See .superpowers/specs/2026-07-02-qualite-lecture-resolution-design.md: data-reading and model-resolution quality fixes (HF negative cache, 4-bit estimation…), and the "WebSearch step" evolution in the resolution cascade. resolve --set "P/M=repo:<active>" handles MoE models.

Release

A release bumps the semantic version, generates the CHANGELOG, and creates the tag.

Always with the local venv binary (.venv/bin/ai-footprint), never the global ai-footprint command: the latter runs the code of the installed clone (~/.ai-footprint/src) and would commit/tag there instead of the dev repo you're working in.

.venv/bin/ai-footprint release bump <patch|minor|major> [--no-push]
  • patch: backward-compatible fixes
  • minor: backward-compatible new features
  • major: incompatible changes

The process:

  1. Checks that the tree is clean, that we're on main, and that the target tag doesn't already exist.
  2. Computes the new version (e.g. 0.1.00.2.0).
  3. Generates the CHANGELOG between the last v* tag and HEAD from the conventional commits (feat:, fix:, etc.).
  4. Bumps pyproject.toml + ai_footprint/__init__.py.
  5. Prepends the new block into CHANGELOG.md.
  6. Commits chore(release): X.Y.Z + tags vX.Y.Z.
  7. Pushes origin main --tags by default (--no-push option to skip it).

Evidence: the tests/test_release.py tests (31 tests) cover the full cycle.

Note: before the first v* tag, the CHANGELOG is maintained manually (the "Pre-versioning" section). After the first release, it is entirely auto-generated.

Dependency watch (ecologits, huggingface_hub)

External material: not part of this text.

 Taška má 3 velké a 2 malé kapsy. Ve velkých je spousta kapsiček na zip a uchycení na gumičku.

A GitHub Actions workflow (.github/workflows/check-tool-updates.yml, weekly cron + manual trigger) compares the versions pinned in pyproject.toml (ecologits pinned exactly, huggingface_hub) against the latest versions published on PyPI (via ai_footprint/tool_updates.py) and opens an issue if a new version exists.

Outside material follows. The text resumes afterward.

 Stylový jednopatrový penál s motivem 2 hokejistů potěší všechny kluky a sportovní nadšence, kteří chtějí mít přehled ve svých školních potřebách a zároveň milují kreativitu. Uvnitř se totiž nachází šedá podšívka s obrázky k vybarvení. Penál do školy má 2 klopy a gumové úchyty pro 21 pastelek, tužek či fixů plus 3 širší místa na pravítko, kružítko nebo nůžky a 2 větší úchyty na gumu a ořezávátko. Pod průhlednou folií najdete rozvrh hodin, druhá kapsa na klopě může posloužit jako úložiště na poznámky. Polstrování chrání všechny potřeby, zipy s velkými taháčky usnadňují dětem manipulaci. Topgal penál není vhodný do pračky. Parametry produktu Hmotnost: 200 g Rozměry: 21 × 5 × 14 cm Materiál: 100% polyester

No automatic bump: ecologits is pinned to an exact PyPI version because a minor 0.x bump can break the calculation cascade, and the installed tool shares its database with the dev repo (see § Two codebases, one base) — a silent bump would be risky. The issue is just a reminder; the bump is done by hand in pyproject.toml after testing.

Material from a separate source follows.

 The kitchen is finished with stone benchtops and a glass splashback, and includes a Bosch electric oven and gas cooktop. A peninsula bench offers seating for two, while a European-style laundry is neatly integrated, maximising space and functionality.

In addition to the weekly cron, a SessionStart hook local to the dev repo (.claude/settings.json, not the global ~/.claude/settings.json installed by install.sh) runs ai-footprint tool-updates-check on every Claude Code session start in this project, and displays a message if an ecologits/huggingface_hub update is available. The network check is cached for 24h (.claude/tool-updates-cache.json, gitignored) so it doesn't slow down every session start. This logic is tested in tests/test_tool_updates.py (session_start_notice, should_refresh, load_cache).

Not to be confused with the global SessionStart hook added by install.sh for end-user nudges (ai-footprint nudge --claude-hook, see ai_footprint/nudge.py): that one is internal to the dev repo (.claude/settings.json, not installed for end users) and is used to alert ai-footprint maintainers about new ecologits/huggingface_hub releases — an entirely different topic from the nudges aimed at ai-footprint's end users.

Out of current scope (seams laid down)

Third-party collectors (Codex, local inference) as stubs; compute_live() (real-time instrumentation) and import_legacy() not implemented; CSV/JSON export and workstation energy are out of scope.